Kubernetes‑ready — PVC, ConfigMap, Deployment/Service for API, and a one‑off Job.
Hugging Face ecosystem — Transformers/Datasets/Accelerate/PEFT.

Quickstart (Local)

python -m venv .venv && source .venv/bin/activate
pip install --upgrade pip
pip install -r requirements.txt

# Windows: set a writeable artifacts directory
# PowerShell
mkdir data
$env:DATA_DIR = "$PWD/data"

uvicorn app:api --host 0.0.0.0 --port 8000 --reload

Submit a tiny demo job:

curl -X POST http://localhost:8000/distill -H "Content-Type: application/json" -d '{
  "teacher_model": "gpt2",
  "student_model": "distilgpt2",
  "dataset": "wikitext",
  "subset": "wikitext-2-raw-v1",
  "max_steps": 30,
  "per_device_batch_size": 2,
  "grad_accum_steps": 4,
  "logging_steps": 5,
  "save_every": 30,
  "temperature": 2.0
}'

List/download artifacts:

curl http://localhost:8000/artifacts/<job_id>
curl -L "http://localhost:8000/download/<job_id>/config.json" -o config.json

Kubernetes (Demo)

# 1) Build & push
docker build -t <your-registry>/llm2slm:latest .
docker push <your-registry>/llm2slm:latest

# 2) Storage + defaults
kubectl apply -f k8s/pvc.yaml
kubectl apply -f k8s/config.yaml

# 3) API (edit image in k8s/api-deployment.yaml)
kubectl apply -f k8s/api-deployment.yaml
kubectl apply -f k8s/api-service.yaml

# 4) One-off distillation Job (edit image in k8s/distill-job.yaml)
kubectl apply -f k8s/distill-job.yaml

# 5) Port-forward API
kubectl port-forward svc/llm2slm-api 8080:80
# POST to http://localhost:8080/distill

GPU: add resource requests/limits and the NVIDIA device plugin; the code auto‑uses CUDA if available.

API

POST /distill — start a distillation job (payload mirrors schemas.DistillConfig).
GET /status/{job_id} — return current/completed job status.
GET /artifacts/{job_id} — list generated files in the job folder.
GET /download/{job_id}/{path} — download any artifact.

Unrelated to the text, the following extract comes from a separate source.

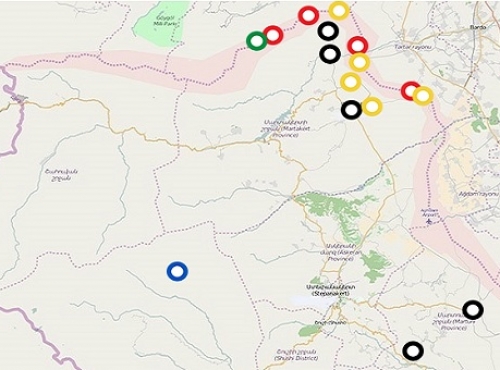Синим представлены сводные данные о потерях с армянской и азербайджанской сторон в ходе боевых действий

Example payload (abridged):

{
  "teacher_model": "gpt2",
  "student_model": "distilgpt2",
  "dataset": "wikitext",
  "subset": "wikitext-2-raw-v1",
  "split": "train",
  "max_steps": 200,
  "per_device_batch_size": 2,
  "grad_accum_steps": 8,
  "temperature": 2.0,
  "alpha_kl": 0.7,
  "beta_ce": 0.3,
  "gamma_mse": 0.05,
  "delta_cos": 0.05,
  "epsilon_attn": 0.0,
  "lora_r": 8,
  "lora_alpha": 16,
  "lora_dropout": 0.05,
  "use_qat": false,
  "post_training_quant": true,
  "export_onnx": true
}

Algorithm (High‑Level)

1) Token-level KD (soft targets)

For sequence tokens $t=1,\dots,L-1$ (causal shift), with teacher/student logits $z_t^{(T)}, z_t^{(S)} \in \mathbb{R}^{V}$ and temperature $T>0$:

$$ \mathcal{L} = \alpha, \mathcal{L}_{\mathrm{KD}} + \beta, \mathcal{L}_{\mathrm{CE}} + \gamma, \mathcal{L}_{\mathrm{MSE}} + \delta, \mathcal{L}_{\cos} + \varepsilon, \mathcal{L}_{\mathrm{Attn}}. $$

The factor $T^2$ preserves gradient scale under temperature smoothing.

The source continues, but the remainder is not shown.